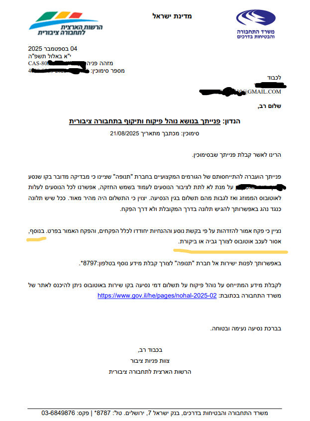 אז הנה, תשובת משרד התחבורה בצורה הברורה ביותר
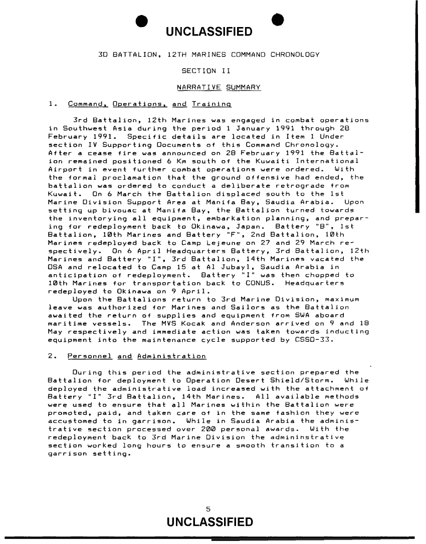 Document 12 f:/Week-38/BX600025/COMMAND CHRONOLOGY 3RD BATTALION 12TH MARINE REGIMENT JAN - JUN 1991/command chronology index:01029709504418
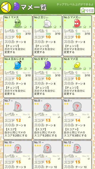 [ガチャ]や[ボスを倒す]ことで手に入るマメを集めてコンプリートしよう。
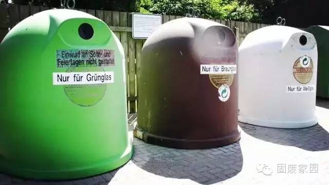 在一般各居民住戶家中,都設(shè)有機垃圾收集桶和剩余垃圾收集桶,每桶剩余垃圾的收集價格要高于有機垃圾的價格;各戶居民可根據(jù)自己產(chǎn)生的垃圾量,確定所需垃圾桶的大小,桶大小不同交費價錢也不同,城市環(huán)衛(wèi)局會定期上門收取和清空垃圾桶。在各居民小區(qū)設(shè)有紙、玻璃(棕色、綠色、白色)和塑料等廢舊包裝材料(標(biāo)有綠點標(biāo)志)的收集桶,各住戶可以把廢舊紙、玻璃瓶等送至小區(qū)的該類垃圾收集桶中。
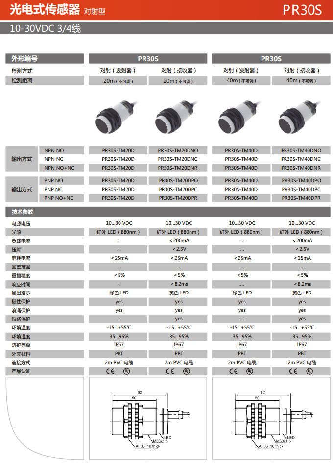 PR30S-TM20D,PR30S-TM20DNO,PR30S-TM40D,PR30S-TM20DNC,PR30S-TM20DNR,PR30S-TM20DPO,光電式傳感器
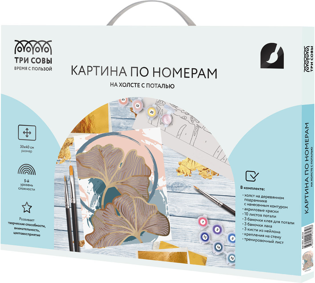 • холст на деревянном подрамнике 30×40 см с нанесенным контуром, пронумерованный в соответствии с номерами красок;
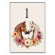 Guie seus convidados em estilo com esses números elegantes de tabelas, projetados para complementar seu tema moderno de casamento country Western. Apresentando uma elegante design de cavalos do campo abraçando dentro de um arranjo floral colorido em forma de coração, esta coleção simboliza amor, harmonia e unidade — perfeita para um casamento country-oeste com encanto rústico.

★ ★ ★ ★

Everything in the listing except the pictures must come back exactly as written.

Response below:
 אז הנה, תשובת משרד התחבורה בצורה הברורה ביותר
 Document 12 f:/Week-38/BX600025/COMMAND CHRONOLOGY 3RD BATTALION 12TH MARINE REGIMENT JAN - JUN 1991/command chronology index:01029709504418
 [ガチャ]や[ボスを倒す]ことで手に入るマメを集めてコンプリートしよう。
 在一般各居民住戶家中,都設(shè)有機垃圾收集桶和剩余垃圾收集桶,每桶剩余垃圾的收集價格要高于有機垃圾的價格;各戶居民可根據(jù)自己產(chǎn)生的垃圾量,確定所需垃圾桶的大小,桶大小不同交費價錢也不同,城市環(huán)衛(wèi)局會定期上門收取和清空垃圾桶。在各居民小區(qū)設(shè)有紙、玻璃(棕色、綠色、白色)和塑料等廢舊包裝材料(標(biāo)有綠點標(biāo)志)的收集桶,各住戶可以把廢舊紙、玻璃瓶等送至小區(qū)的該類垃圾收集桶中。
 PR30S-TM20D,PR30S-TM20DNO,PR30S-TM40D,PR30S-TM20DNC,PR30S-TM20DNR,PR30S-TM20DPO,光電式傳感器
 • холст на деревянном подрамнике 30×40 см с нанесенным контуром, пронумерованный в соответствии с номерами красок;
 Guie seus convidados em estilo com esses números elegantes de tabelas, projetados para complementar seu tema moderno de casamento country Western. Apresentando uma elegante design de cavalos do campo abraçando dentro de um arranjo floral colorido em forma de coração, esta coleção simboliza amor, harmonia e unidade — perfeita para um casamento country-oeste com encanto rústico.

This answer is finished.